Snap-on Incorporated is a $1.7 billion leading global developer, manufacturer and distributor of tool and equipment solutions for professional technicians, motor service shop owners, specialty repair centers, original equipment manufacturers, and industrial tool users worldwide. Product lines include hand and power tools, diagnostics and shop equipment, tool storage units, diagnostics software, and other solutions for the transportation service industry.

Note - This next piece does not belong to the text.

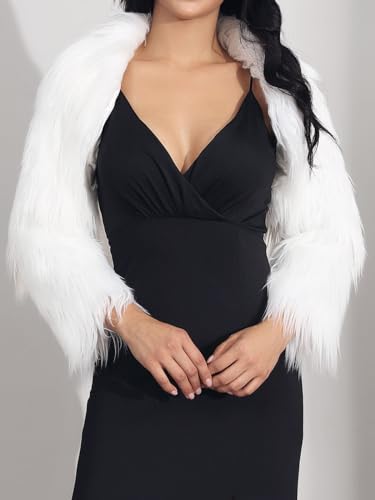 EASEDAILY Women's Bolero Shrug Fur Jacket Long Sleeve Crop Top Faux Open Front Cardigan Evening Dress Cover Up for Bride 5
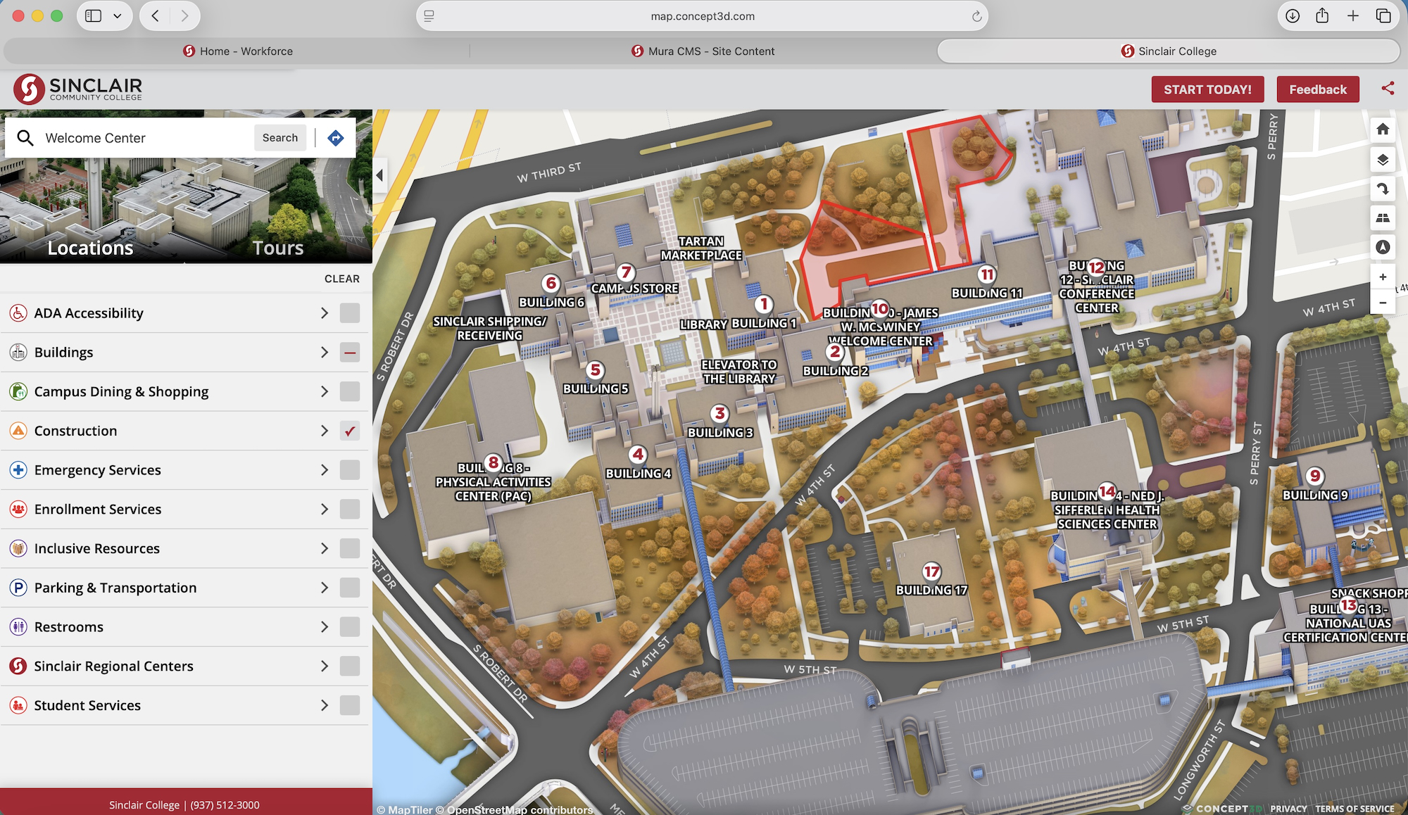 map of Sinclair College. Note: the link will redirect you to the Sinclair College website.

Statements in this news release that are not historical facts, including statements (i) that include the words "believes,""expects,""anticipates," or "estimates" or words of similar importance with reference to the corporation or management; (ii) specifically identified as forward-looking, or (iii) describing the corporation's or management's future plans, objectives or goals, are forward-looking statements. The corporation or its representatives may also make similar forward-looking statements from time to time orally or in writing. The corporation cautions the reader that these statements are subject to risks, uncertainties or other factors that could cause (and in some cases have caused) actual results to differ materially from those described in any such statement. Those important factors include the corporation's ability to manufacture, distribute, and/or record the sale of products during the implementation of a new computer system involving the replacement of hardware and software components and the enterprise-wide linking of all functions; the timing or speed with which the corporation can implement the Project Simplify initiatives and the rollout of Snap-on Credit LLC without unanticipated complications: the corporation's ability to withstand external negative factors including changes in trade, monetary and fiscal policies, laws and regulations, or other activities of governments or their agencies; significant changes in the current competitive environment; inflation; currency fluctuations or the material worsening of the economic and political situation in Asia; and the achievement of productivity improvements and cost reductions. These factors may not constitute all factors that could cause actual results to differ materially from those discussed in any forward-looking statement. The corporation operates in a continually changing business environment and new factors emerge from time to time. The corporation cannot predict such factors nor can it assess the impact, if any, of such factors on the corporation or its results. Accordingly, forward-looking statements should not be relied upon as a prediction of actual results. The corporation disclaims any responsibility to update any forward-looking statement provided in this news release.